**TASK INSTRUCTIONS:** Keeping every word the same, give again only the lines from the one with "Echipată cu LED-uri" through the end of the data, both included, and leave every picture out.

START RECORDED INFORMATION

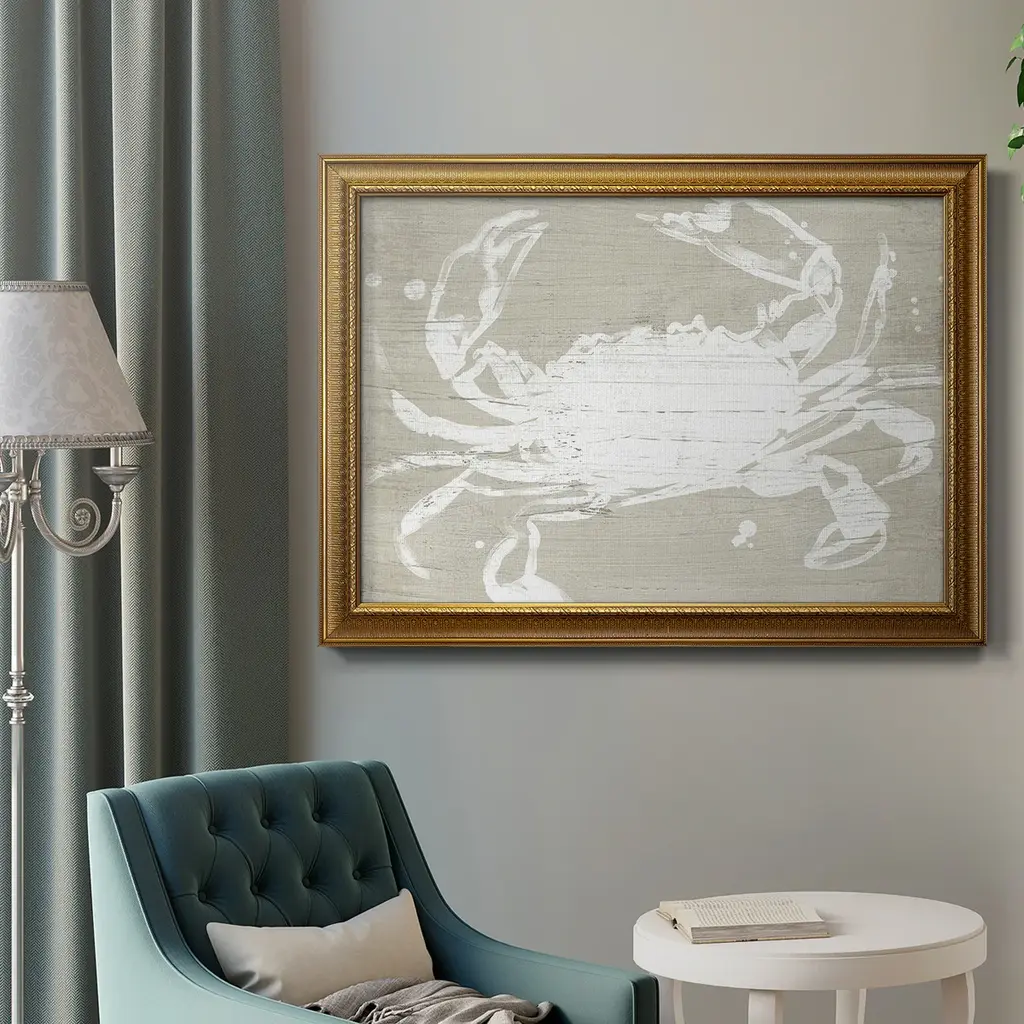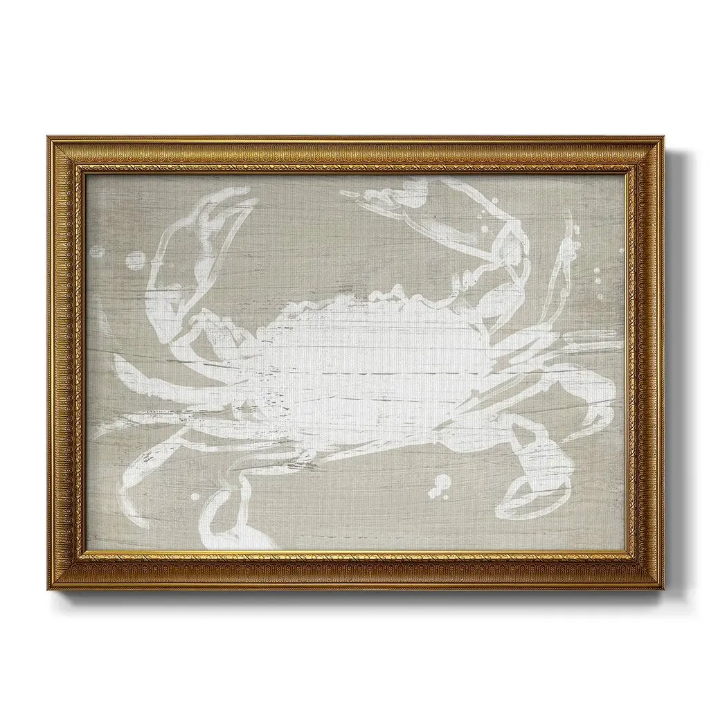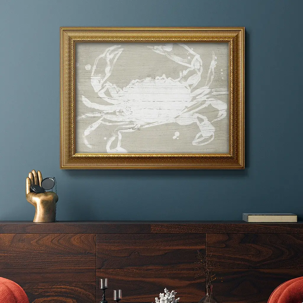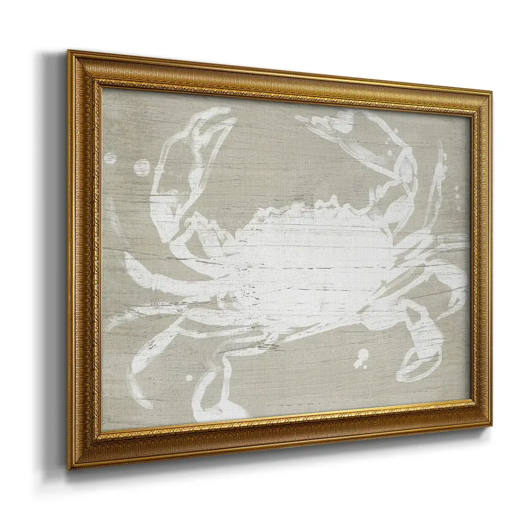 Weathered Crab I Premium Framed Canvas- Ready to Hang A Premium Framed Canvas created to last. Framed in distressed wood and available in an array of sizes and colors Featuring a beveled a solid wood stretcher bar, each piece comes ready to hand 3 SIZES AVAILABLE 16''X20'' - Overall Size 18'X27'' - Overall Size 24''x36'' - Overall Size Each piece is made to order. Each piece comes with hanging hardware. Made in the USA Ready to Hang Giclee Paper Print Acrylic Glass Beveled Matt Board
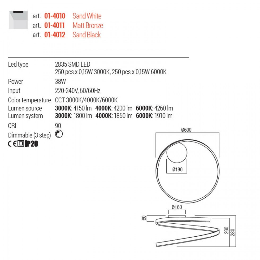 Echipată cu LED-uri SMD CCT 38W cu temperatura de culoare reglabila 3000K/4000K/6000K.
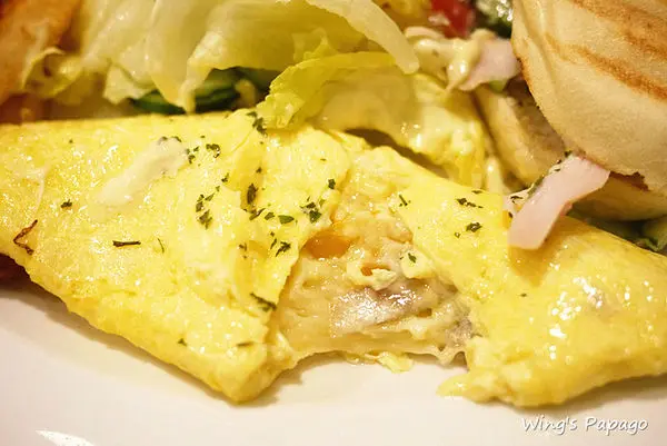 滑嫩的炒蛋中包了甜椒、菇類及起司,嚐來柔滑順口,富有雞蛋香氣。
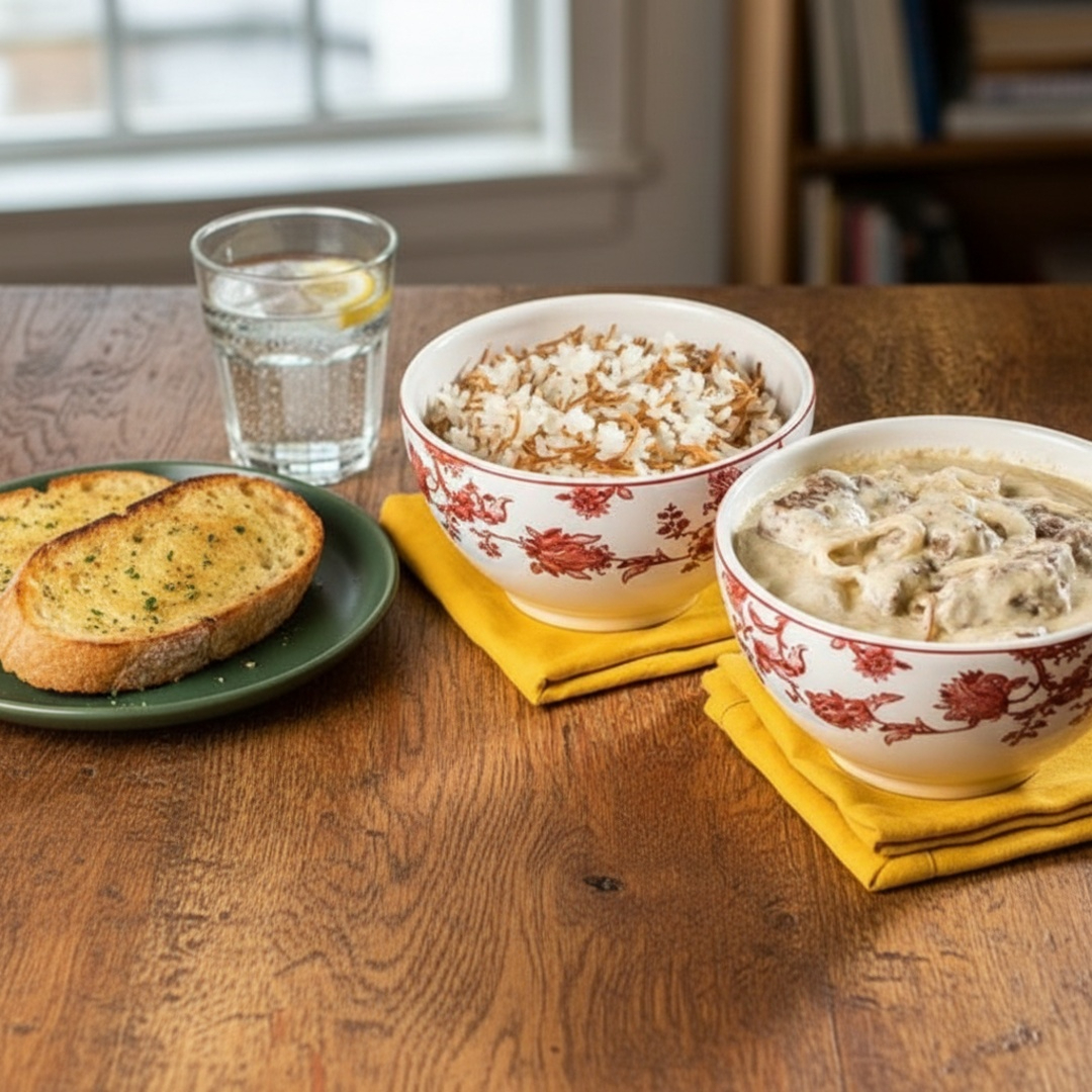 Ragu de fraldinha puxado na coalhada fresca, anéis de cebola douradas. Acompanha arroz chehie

END RECORDED INFORMATION

**WRITTEN SOLUTION:**
 Echipată cu LED-uri SMD CCT 38W cu temperatura de culoare reglabila 3000K/4000K/6000K.
 滑嫩的炒蛋中包了甜椒、菇類及起司,嚐來柔滑順口,富有雞蛋香氣。
 Ragu de fraldinha puxado na coalhada fresca, anéis de cebola douradas. Acompanha arroz chehie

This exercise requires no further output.